Based on the diagram, the pressurized water line will be using ½ inch PVC pipe and gravity-fed water line will be using 2 inch UPVC pipe. I put a split flow from sump tank to fish tank and DWC units, and each inlet has valve for better water flow control and maintenance.
Mineralization tank is the only component that is separated from the system. Here, solid waste from solid filter will be collected here at least once a week, then it will be aerated to release the micronutrients, and then will be put back into the sump tank after 1 or 2 weeks.
For the styrofoam board design, I choose this design because it provides more holes than the simple rectangular design. I’ll have 6 of these styrofoam boards per DWC, so a total maximum of 648 plants can be planted and harvested at a time from this system – way more than what I can achieve when doing soil-based growing.
Regarding the growing schedule, when using soil, I could harvest the veggies after 8 weeks from germination, so by using aquaponics, hopefully I can half the duration, to 4 or 5 weeks. For germination, I plan to sow the seeds using wet tissues inside germination tray for 2 weeks, then transplant them to the DWC and by using sponge to hold it in the board holes – no net pot is used (to save cost).
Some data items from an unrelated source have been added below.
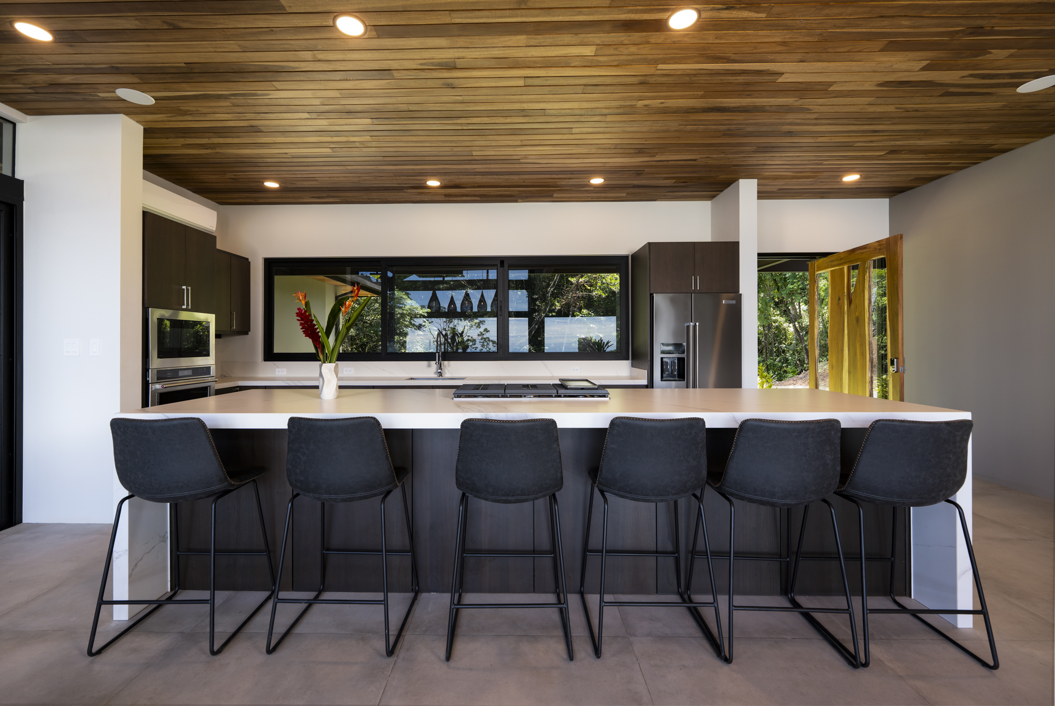 From every angle, you see either the rainforest canopy, the Pacific Ocean, or both. Whether it's sunrise casting light through the trees or the afternoon sun setting over the horizon, the view is constant and always changing. The custom kitchen features clean, modern cabinetry, high-end appliances, and an oversized island perfect for gathering. But it's the seamless transition to the outdoors that makes everyday living here feel special. Step out onto the sprawling teak deck, and the hand-tiled infinity-edge pool stretches before you, appearing to pour directly into the ocean beyond.
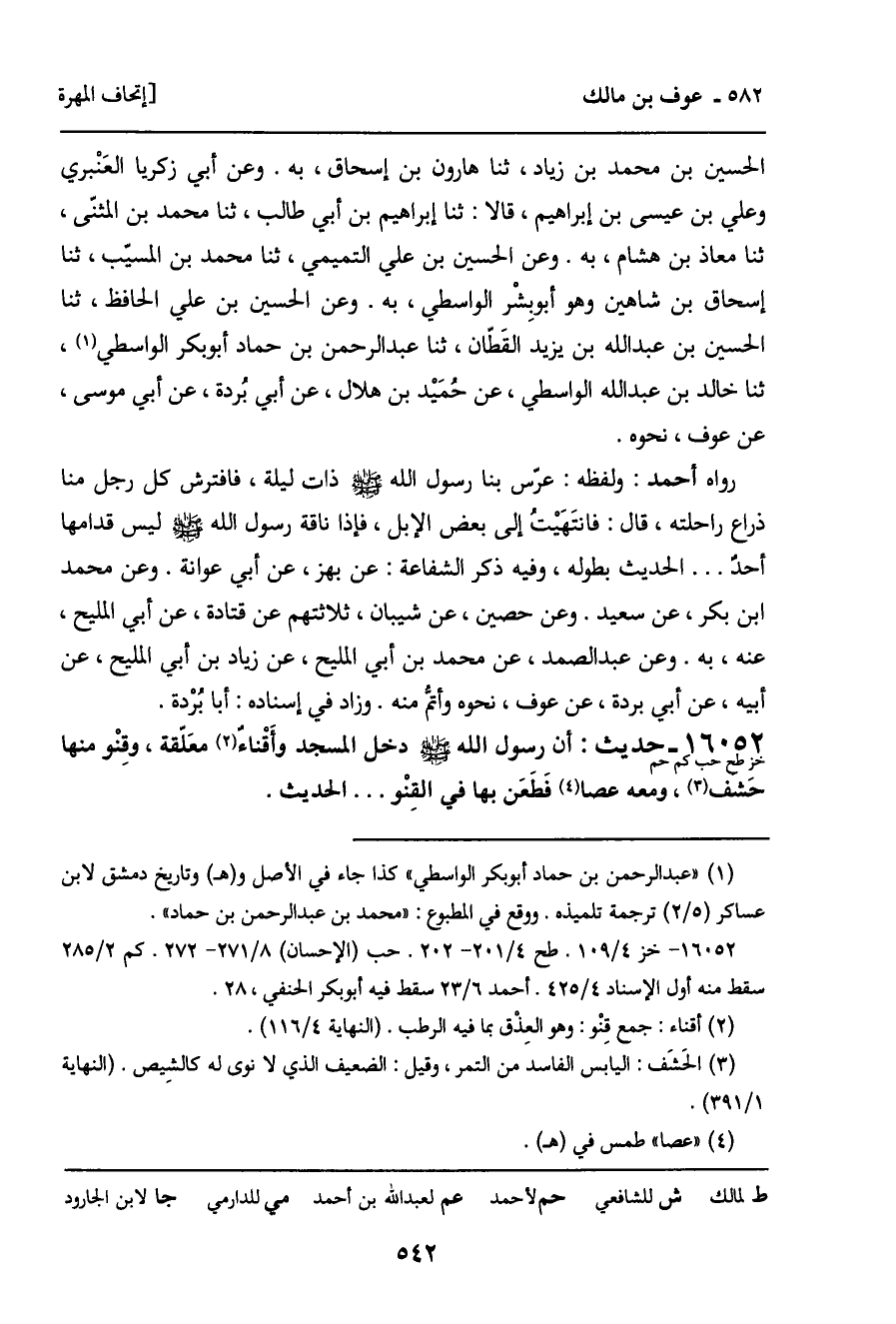 16052 - حديث (خز طح حب كم حم) : أن رسول الله - صَلَّى اللَّهُ عَلَيْهِ وَسَلَّمَ - دخل المسجد وأقْناة معَلّقة، وقنْو منها حَشف، ومعه عصا فَطَعن بها في القِنْو ... الحديث.
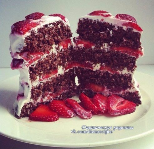 Перед выпеканием еще раз помешать и поставить чашку на 3.5 минуты в микроволновку. Достать, немного остудить и разрезать на 4 коржика, каждый пропитать соком (можно обильно) и начать складывать тортик: коржик намазать йогуртом с добавлением стевии, положить на него ягоды, сверху следующий коржик и тд. Стекающим йогуртом обмазывать бортики. Поставить на ночь в холодильник.
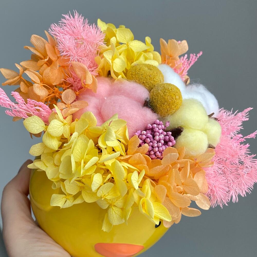 Милый керамический малыш с сухоцветами и стабилизированными цветочками.Цветы не завянут, будут радовать несколько лет.Уход:- водой не поливать- на солнышко и подоконник не ставить

There are a lot of rooms for improvement to be done, and I’m thinking about automation and operating it off-grid. Later on I plan to get automatic fish feeder, or maybe look into software-based solution using microcontroller such as Arduino or Raspberry Pi to automate the fish feeding process, measure water quality, and also to automate draining solid waste from filter into mineralization tank, and put it back into sump tank. In the future, I’m looking into setting up solar panel and backup battery to power the pumps and also the automation machines used later.